### Task goal
Begin at the line containing "रामचन्द्र भुसाल, पर्वत" in the records below, end at the line containing "Súčasťou lampy je", and retype each line in that span exactly. No other line and no image should appear.
***** Source records *****
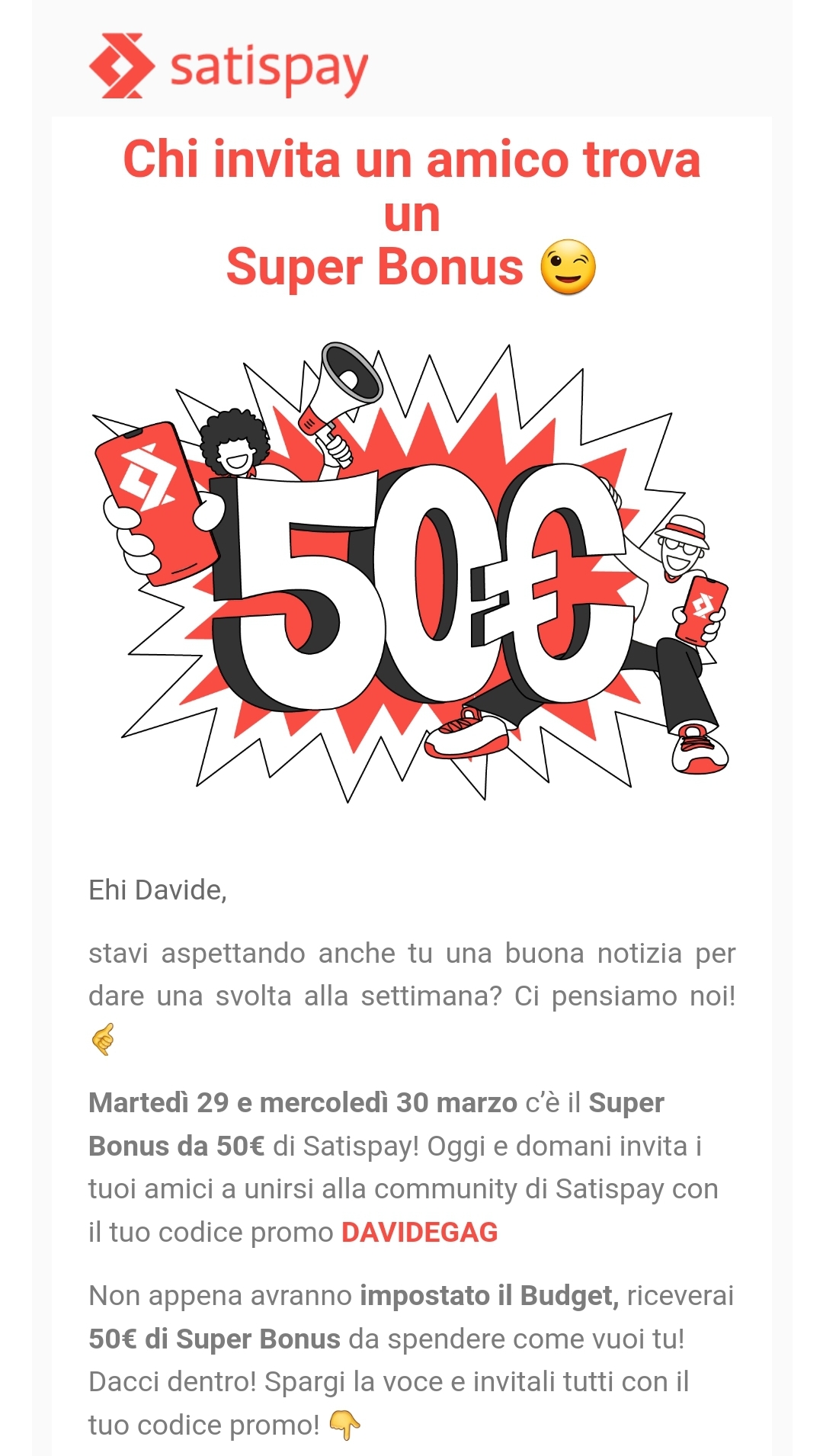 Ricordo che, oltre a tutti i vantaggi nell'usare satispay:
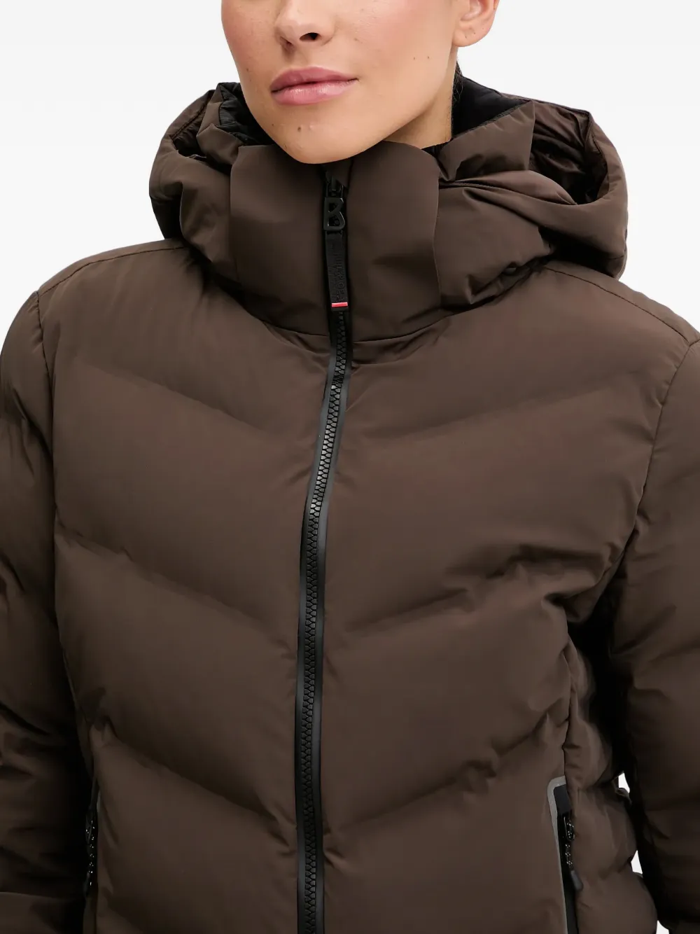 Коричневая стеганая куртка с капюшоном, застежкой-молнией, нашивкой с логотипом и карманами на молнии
*****
***** Source records *****
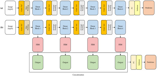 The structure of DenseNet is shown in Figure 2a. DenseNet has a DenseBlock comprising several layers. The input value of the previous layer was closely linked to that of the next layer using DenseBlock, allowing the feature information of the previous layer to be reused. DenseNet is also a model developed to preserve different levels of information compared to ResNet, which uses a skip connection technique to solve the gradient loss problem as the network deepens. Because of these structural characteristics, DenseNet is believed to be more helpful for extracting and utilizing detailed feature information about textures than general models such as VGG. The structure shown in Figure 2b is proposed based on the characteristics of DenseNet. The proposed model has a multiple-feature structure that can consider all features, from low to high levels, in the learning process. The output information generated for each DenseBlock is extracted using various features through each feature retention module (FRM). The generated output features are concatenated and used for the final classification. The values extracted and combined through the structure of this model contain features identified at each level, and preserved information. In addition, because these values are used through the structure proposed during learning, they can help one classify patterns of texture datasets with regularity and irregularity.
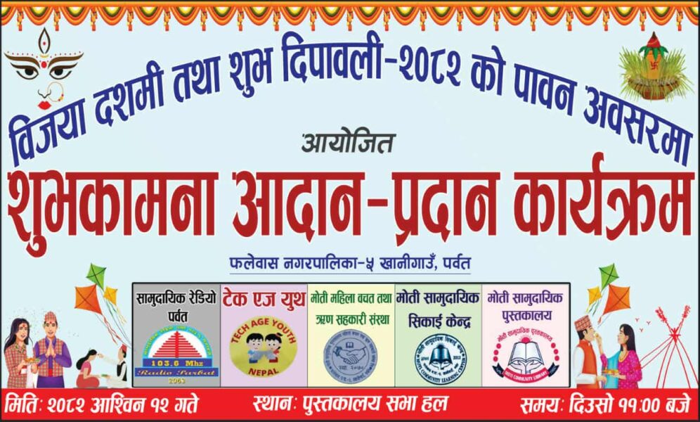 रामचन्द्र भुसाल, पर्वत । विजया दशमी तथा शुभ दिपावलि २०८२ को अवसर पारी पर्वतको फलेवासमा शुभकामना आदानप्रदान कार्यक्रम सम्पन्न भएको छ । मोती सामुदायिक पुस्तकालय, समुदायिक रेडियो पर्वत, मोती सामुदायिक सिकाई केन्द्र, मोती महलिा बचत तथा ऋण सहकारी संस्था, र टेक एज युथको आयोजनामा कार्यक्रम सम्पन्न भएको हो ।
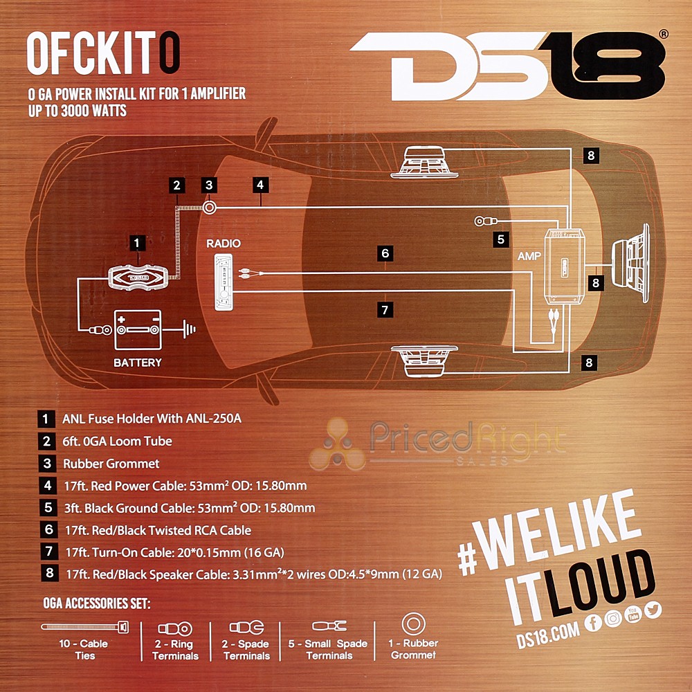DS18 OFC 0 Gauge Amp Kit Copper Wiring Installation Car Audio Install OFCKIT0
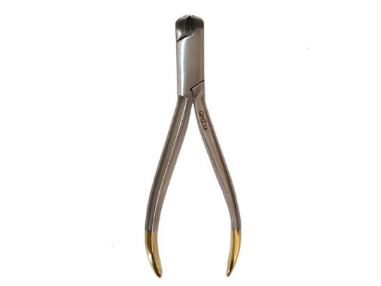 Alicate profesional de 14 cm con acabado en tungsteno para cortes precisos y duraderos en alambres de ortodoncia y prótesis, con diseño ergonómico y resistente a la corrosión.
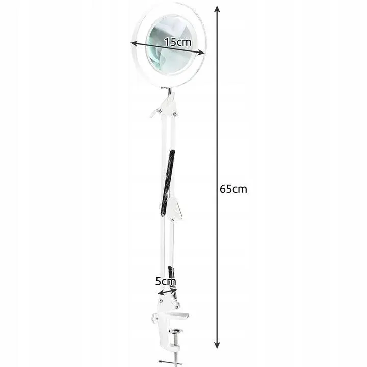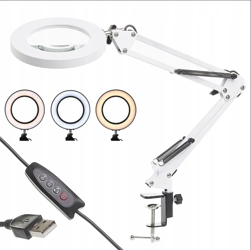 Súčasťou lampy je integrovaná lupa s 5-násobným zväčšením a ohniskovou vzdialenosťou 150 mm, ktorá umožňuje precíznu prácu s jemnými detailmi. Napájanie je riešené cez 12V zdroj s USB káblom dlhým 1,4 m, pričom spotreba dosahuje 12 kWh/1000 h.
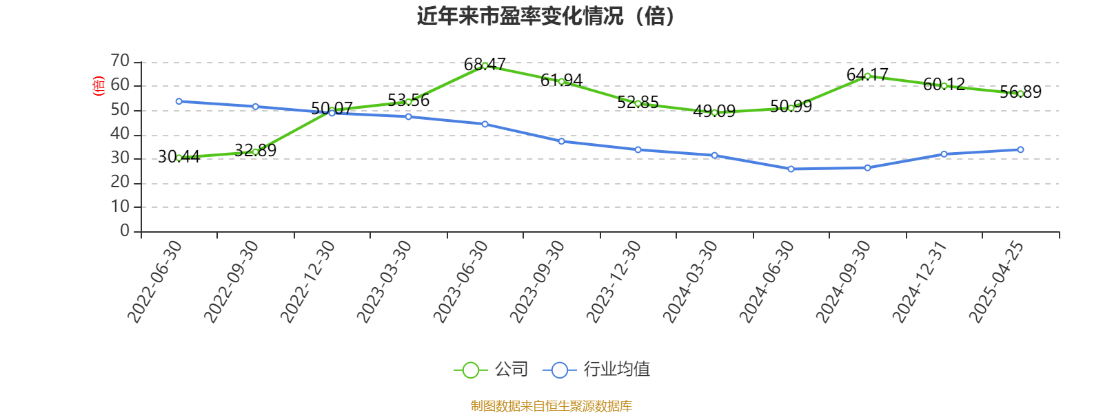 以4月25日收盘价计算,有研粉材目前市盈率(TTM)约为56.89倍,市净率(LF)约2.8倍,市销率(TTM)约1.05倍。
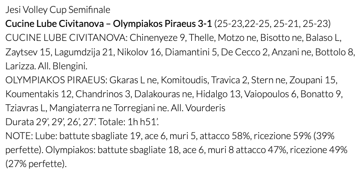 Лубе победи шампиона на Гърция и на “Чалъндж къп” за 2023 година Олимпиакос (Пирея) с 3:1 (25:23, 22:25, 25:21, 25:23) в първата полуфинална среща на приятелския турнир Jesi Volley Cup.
*****
### Finished exercise
 रामचन्द्र भुसाल, पर्वत । विजया दशमी तथा शुभ दिपावलि २०८२ को अवसर पारी पर्वतको फलेवासमा शुभकामना आदानप्रदान कार्यक्रम सम्पन्न भएको छ । मोती सामुदायिक पुस्तकालय, समुदायिक रेडियो पर्वत, मोती सामुदायिक सिकाई केन्द्र, मोती महलिा बचत तथा ऋण सहकारी संस्था, र टेक एज युथको आयोजनामा कार्यक्रम सम्पन्न भएको हो ।
DS18 OFC 0 Gauge Amp Kit Copper Wiring Installation Car Audio Install OFCKIT0
 Alicate profesional de 14 cm con acabado en tungsteno para cortes precisos y duraderos en alambres de ortodoncia y prótesis, con diseño ergonómico y resistente a la corrosión.
 Súčasťou lampy je integrovaná lupa s 5-násobným zväčšením a ohniskovou vzdialenosťou 150 mm, ktorá umožňuje precíznu prácu s jemnými detailmi. Napájanie je riešené cez 12V zdroj s USB káblom dlhým 1,4 m, pričom spotreba dosahuje 12 kWh/1000 h.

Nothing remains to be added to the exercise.